Page MenuHomePhabricator

Replace db2044 with db2063
Closed, DeclinedPublic

Description

db2044 is currently m2 codfw master, this host has a broken disk and has had many disks failures in the past. It will be decommissioned.
Let's replace it with db2063.

Event Timeline

Restricted Application added a subscriber: Aklapper. · View Herald TranscriptWed, Aug 14, 7:02 AM
Marostegui triaged this task as Normal priority.Wed, Aug 14, 7:03 AM
Marostegui moved this task from Triage to In progress on the DBA board.

Change 530034 had a related patch set uploaded (by Marostegui; owner: Marostegui):
[operations/mediawiki-config@master] db-codfw,db-eqiad.php: Remove db2063 from config

https://gerrit.wikimedia.org/r/530034

Change 530034 merged by jenkins-bot:
[operations/mediawiki-config@master] db-codfw,db-eqiad.php: Remove db2063 from config

https://gerrit.wikimedia.org/r/530034

Mentioned in SAL (#wikimedia-operations) [2019-08-14T07:08:03Z] <marostegui@deploy1001> Synchronized wmf-config/db-eqiad.php: Remove db2063 from config T230459 (duration: 00m 48s)

Mentioned in SAL (#wikimedia-operations) [2019-08-14T07:09:05Z] <marostegui@deploy1001> Synchronized wmf-config/db-codfw.php: Remove db2063 from config T230459 (duration: 00m 47s)

Change 530035 had a related patch set uploaded (by Marostegui; owner: Marostegui):
[operations/puppet@production] mariadb: Move db2063 from s2 to m2

https://gerrit.wikimedia.org/r/530035

Change 530035 merged by Marostegui:
[operations/puppet@production] mariadb: Move db2063 from s2 to m2

https://gerrit.wikimedia.org/r/530035

Script wmf-auto-reimage was launched by marostegui on cumin1001.eqiad.wmnet for hosts:

['db2063.codfw.wmnet']

The log can be found in /var/log/wmf-auto-reimage/201908140717_marostegui_75740.log.
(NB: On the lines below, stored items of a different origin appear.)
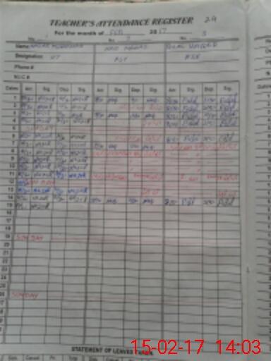 | CNIC | Full Name | Designation | R/C | Absence During Last Calender Month |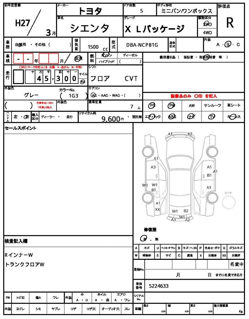 | TOYOTA | SIENTA | 2015 | 1500 cc | ||||||||||||||||
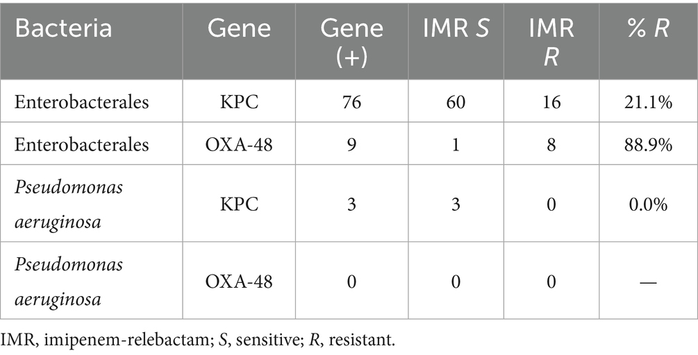 Table 3. Resistance profile to imipenem-relebactam of carbapenemase-producing Enterobacterales and Pseudomonas.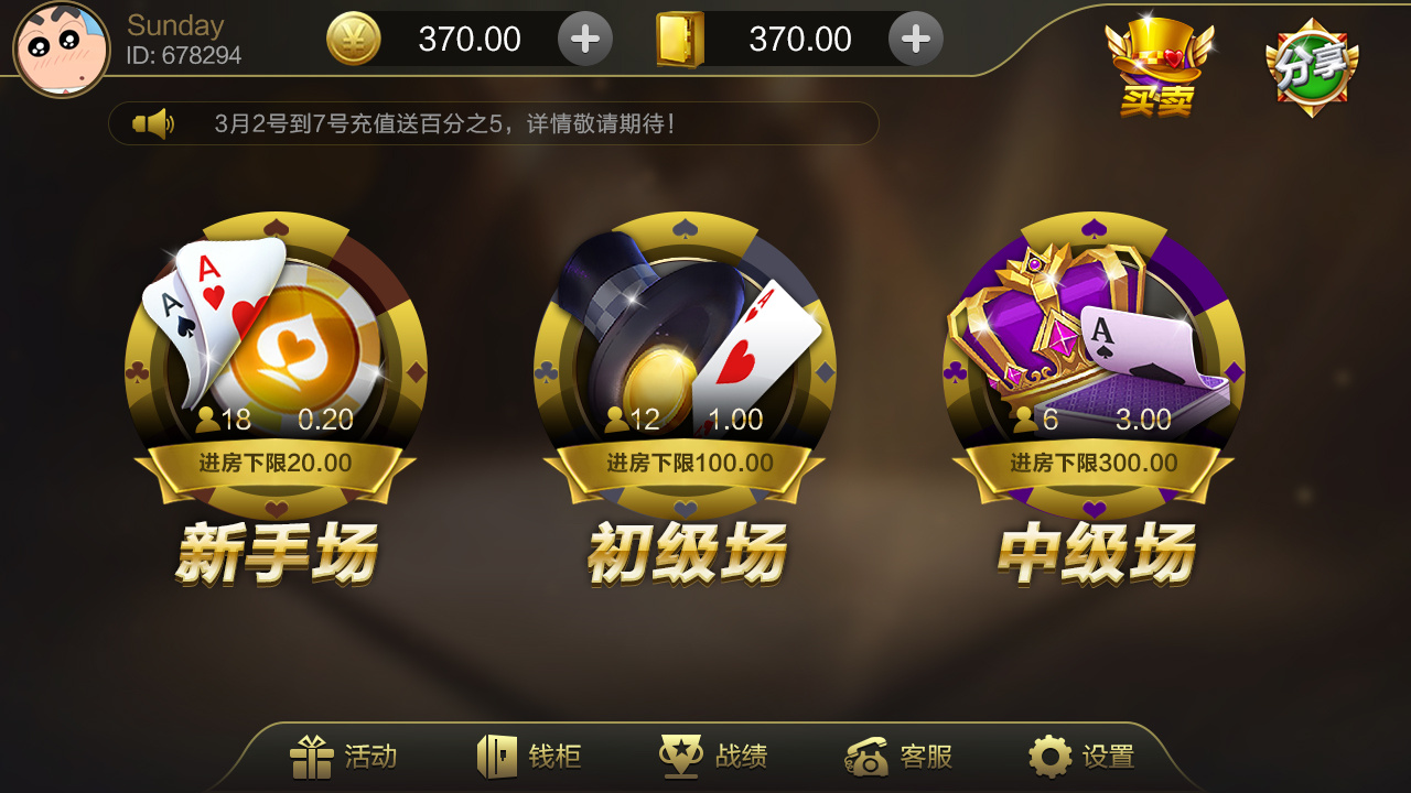 2.玩法多变:分别有初中高级场,私人场,娱乐场,百人场等游戏模式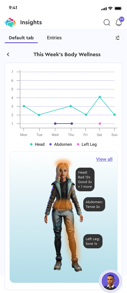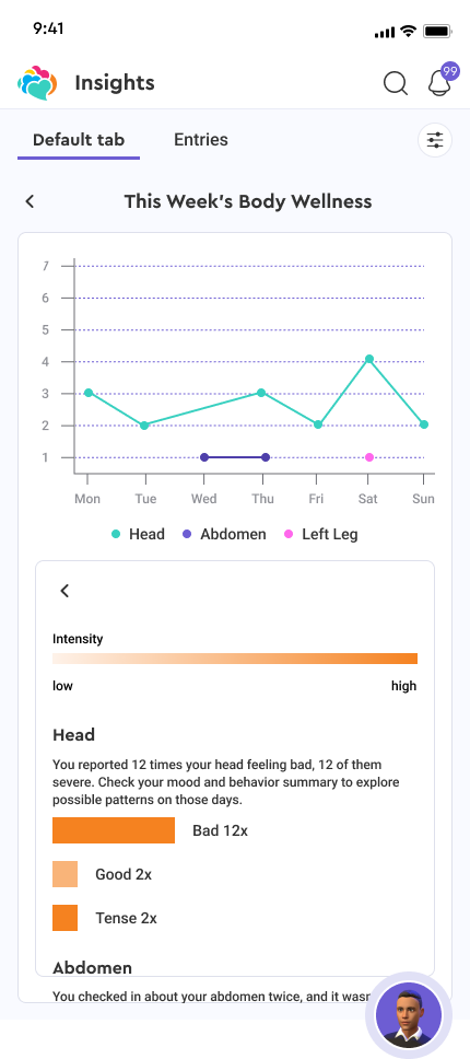 For body-related check-ins, we explored static charts but realized users needed something more spatial. We designed an interactive body map (similar to the way body check-ins are done) where pain levels are color-coded and plotted over time—allowing users (or agents) to spot chronic pain patterns and relate them to mood or behavior.

Completed auto-reimage of hosts:

['db2063.codfw.wmnet']

Of which those FAILED:

['db2063.codfw.wmnet']
Marostegui added a subscriber: Papaul.EditedWed, Aug 14, 8:49 AM

I have been trying to PXE boot this host but it has been impossible.
Even though I have manually set the PXE from the ipmitool locally it is still not working:

root@db2063:~# ipmitool  chassis bootparam get 5
Boot parameter version: 1
Boot parameter 5 is valid/unlocked
Boot parameter data: 0004000000
 Boot Flags :
   - Boot Flag Invalid
   - Options apply to only next boot
   - BIOS PC Compatible (legacy) boot
   - Boot Device Selector : Force PXE
   - Console Redirection control : System Default
   - BIOS verbosity : Console redirection occurs per BIOS configuration setting (default)
   - BIOS Mux Control Override : BIOS uses recommended setting of the mux at the end of POST

After a reboot it keeps booting from disk despite of the above options.

The ipmi tool fails remotely, with:

Error: Unable to establish IPMI v2 / RMCP+ session

I have followed all the steps at https://wikitech.wikimedia.org/wiki/Management_Interfaces including re-seating the card from the mgmt interface without any luck.
Also tried to jump into the boot menu while the host boots, but it doesn't get into and continues to boot from disk.

@Papaul could you manually reset the idrac by powering the host down and doing a power drain (https://wikitech.wikimedia.org/wiki/Management_Interfaces#Power_drain_the_host) and upgrading the idrac's firmware to see if I can manage to install it?

Thanks

Forgot to mention that this host is not in use and it is downtimed, so this onsite maintenance can be done anytime without heads-up to the DBAs

ssh issue

papaul@papaulpc:~$ ssh root@db2063.mgmt.codfw.wmnet
Unable to negotiate with UNKNOWN port 65535: no matching cipher found. Their offer: aes256-cbc,aes128-cbc,3des-cbc

I have to have run ssh command with -c aes256-cbc to access mgmt

papaul@papaulpc:~$ ssh -c aes256-cbc root@db2063.mgmt.codfw.wmnet
root@db2063.mgmt.codfw.wmnet's password:

After the upgrade and resting the ILO I was able to access the mgmt without the -c aes256-cbc

I did the test on 6 other db servers same generation (db206[124567] i am getting also the same ssh error

Not sure what is the status of this, considering T228258 exists. db2063 mysql is down, but I ain't touching it just to prevent breaking something.

Marostegui closed this task as Declined.Mon, Aug 19, 5:28 AM

This host is still failing with the idrac not being able to work.
I think I will just decommission this one and pick another one, no need to waste more time with it.